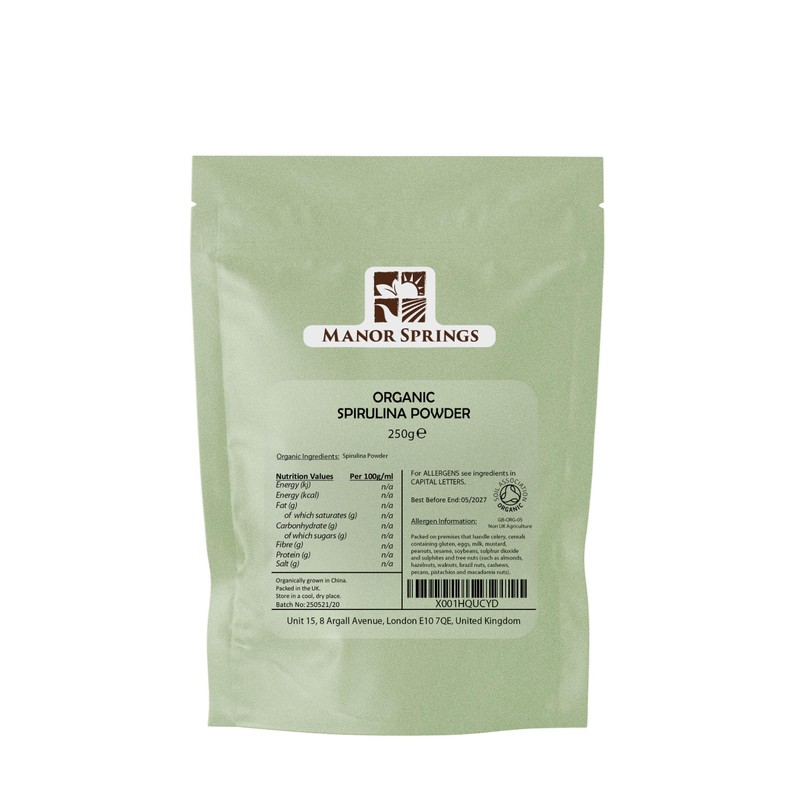 - Manor Springs Organic Spirulina Powder is superior quality and contains just the best 100% pure spirulina nutritive ingredient.
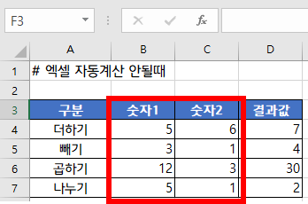 여기서 숫자를 한번 바꿔보겠습니다. 숫자를 다 바꿨는데도, 결과값은 전혀 계산이 되지 않고 있습니다. 수식이 자동으로 계산되지 않는 것은, 자동계산 옵션이 비활성화 되어있기 떄문입니다.
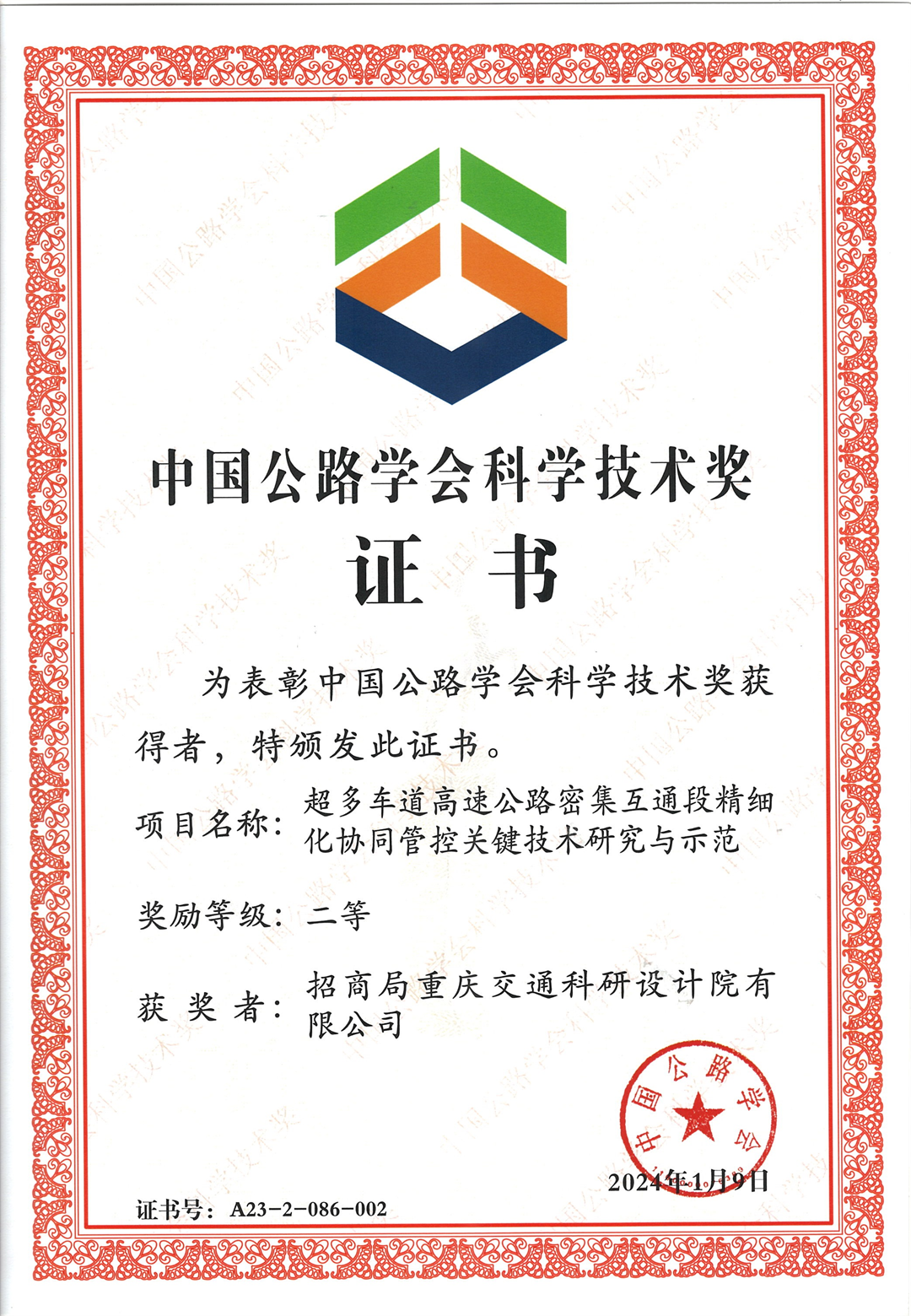 2023年度中國公路學(xué)會(huì)科學(xué)技術(shù)二等獎(jiǎng)
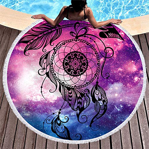 Morbuy-shop Serviette de Plage Ronde Mandala Bohemia, Drap de Plage la Tapisserie Châle Yoga Nappe Tapis de Pique-Nique Portable Tenture 150cm en Tissu Éponge 2 Clips (Capteur de rêves Violet,150cm)

* **TASK REQUIREMENTS**: Repeat the data above in full and exactly. Omit every image.

* **ANSWER AREA**:
 - Manor Springs Organic Spirulina Powder is superior quality and contains just the best 100% pure spirulina nutritive ingredient.
 여기서 숫자를 한번 바꿔보겠습니다. 숫자를 다 바꿨는데도, 결과값은 전혀 계산이 되지 않고 있습니다. 수식이 자동으로 계산되지 않는 것은, 자동계산 옵션이 비활성화 되어있기 떄문입니다.
 2023年度中國公路學(xué)會(huì)科學(xué)技術(shù)二等獎(jiǎng)
 Morbuy-shop Serviette de Plage Ronde Mandala Bohemia, Drap de Plage la Tapisserie Châle Yoga Nappe Tapis de Pique-Nique Portable Tenture 150cm en Tissu Éponge 2 Clips (Capteur de rêves Violet,150cm)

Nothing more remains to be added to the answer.